A serious instrument like the Haasoscope Pro needs a good enclosure, to protect the expensive things inside, keep the board from shorting out on other things on your desk, and keep out RF interference. Plus it just looks good and professional!

I decided to go with an extruded aluminum enclosure. It's cheap, easy, works great, and looks pretty good. This one from Hammond is the perfect size for the project, and only ~$30. 

There's nice rails on the inside between which you can slide a PCB (or even multiple PCBs). It took a little experimentation to find just the right size to make the PCB so it fits snug.

The only work is in getting just the right openings in the front and back panels so the connectors fit. At first I thought about having aluminum panels laser cut. But how do you get the text printed on for the labels? A much easier way is to just to make PCBs for the panels! They can have whatever shaped cutouts you want, nice text printed on, and even come in cool colors. You could even have active components on the panels, like LEDs, but this would require some connectors and cables for power and communication with the main board.

To retain the RF shielding, a GND plane is added on the back of each panel.

One last worry is heat. The Haasoscope Pro uses about 6W while it's active, about 3W of which is coming from the ADC, 1W from the FPGA, 1W from amplifiers and other random stuff, and 1W from power supply inefficiencies. The aluminum enclosure can easily dissipate this amount of power with minimal temperature rise inside, thanks to its large surface area. But 20x20x10mm aluminum heatsinks are added on the ADC and FPGA with thermal tape, since they're small and generate most of the heat. A small 40x40x10mm 5V 60mA fan is also glued to the inside of the top of the case and blows onto the ADC (and slightly on the FPGA) when the unit is active. 

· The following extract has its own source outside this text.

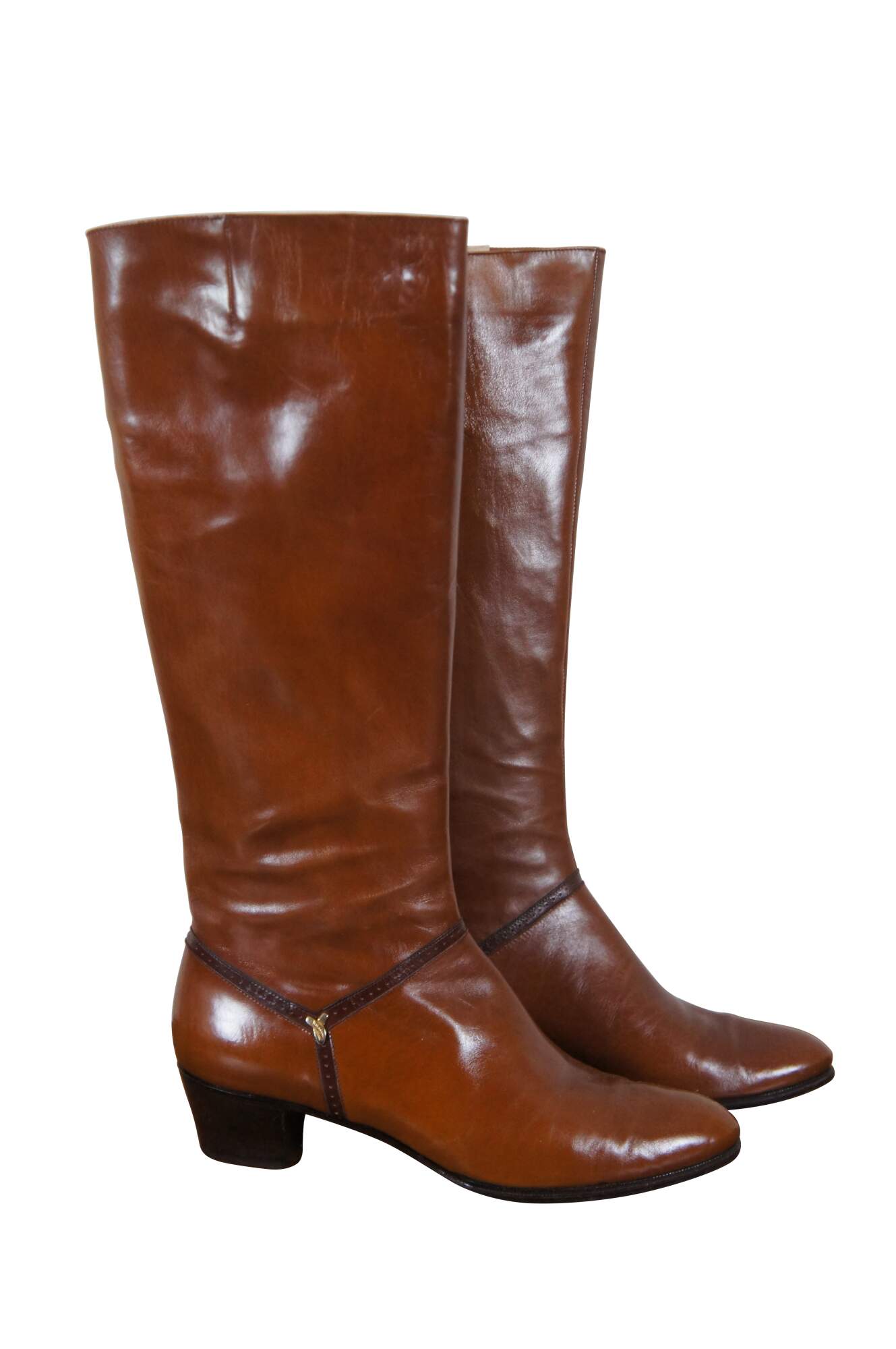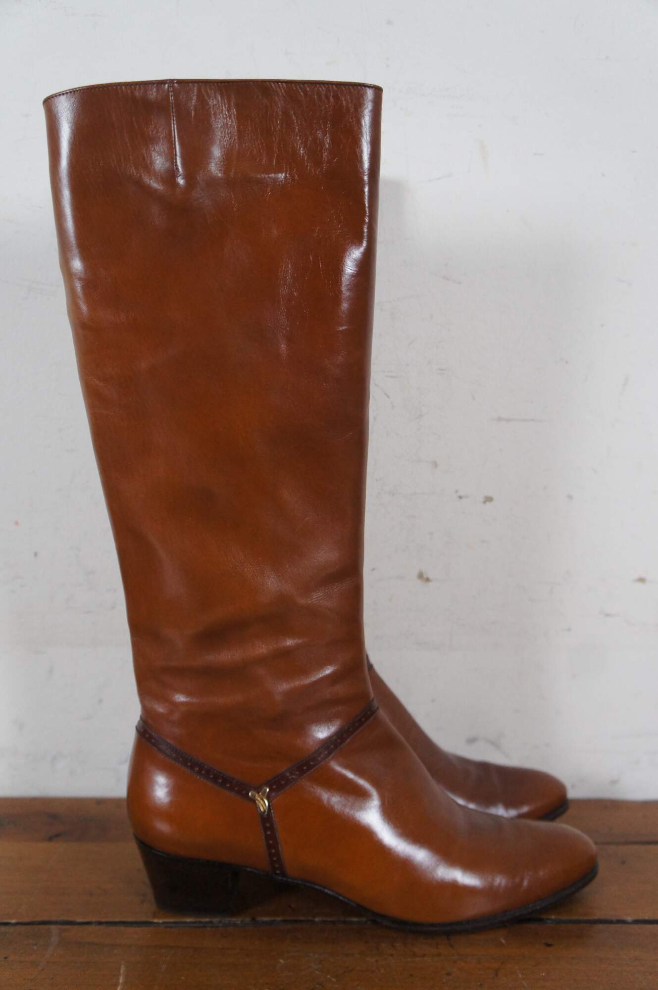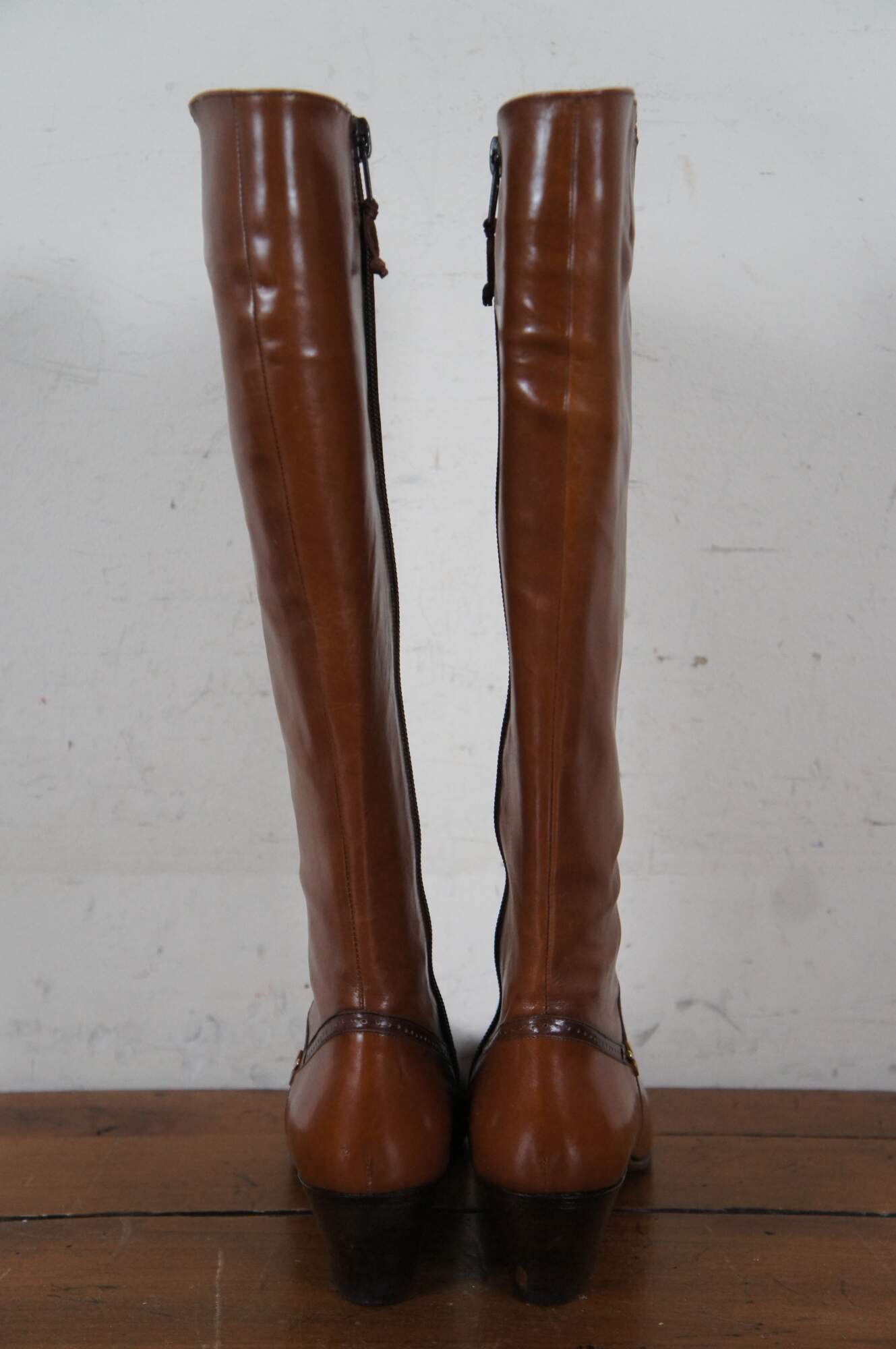 Vintage pair of tall riding boots by Salvatore Ferragamo in Rallina brown calf leather. Made in Italy. Original box included. Size 6.5 AAA. DFU 1544

Temperature monitoring is done in two places. The ADC has an internal temperature diode - the voltage across it, measured across two of the ADC pins, goes from about 0.73V when off, to about 0.68V when running, when in series with a 33k resistor. There's also an NTC thermistor on board, which measures the ambient air temperature on the board near the FPGA. These two sensors get put into a slow dual op-amp and slow dual-channel ADC, which gets read out over SPI by the FPGA.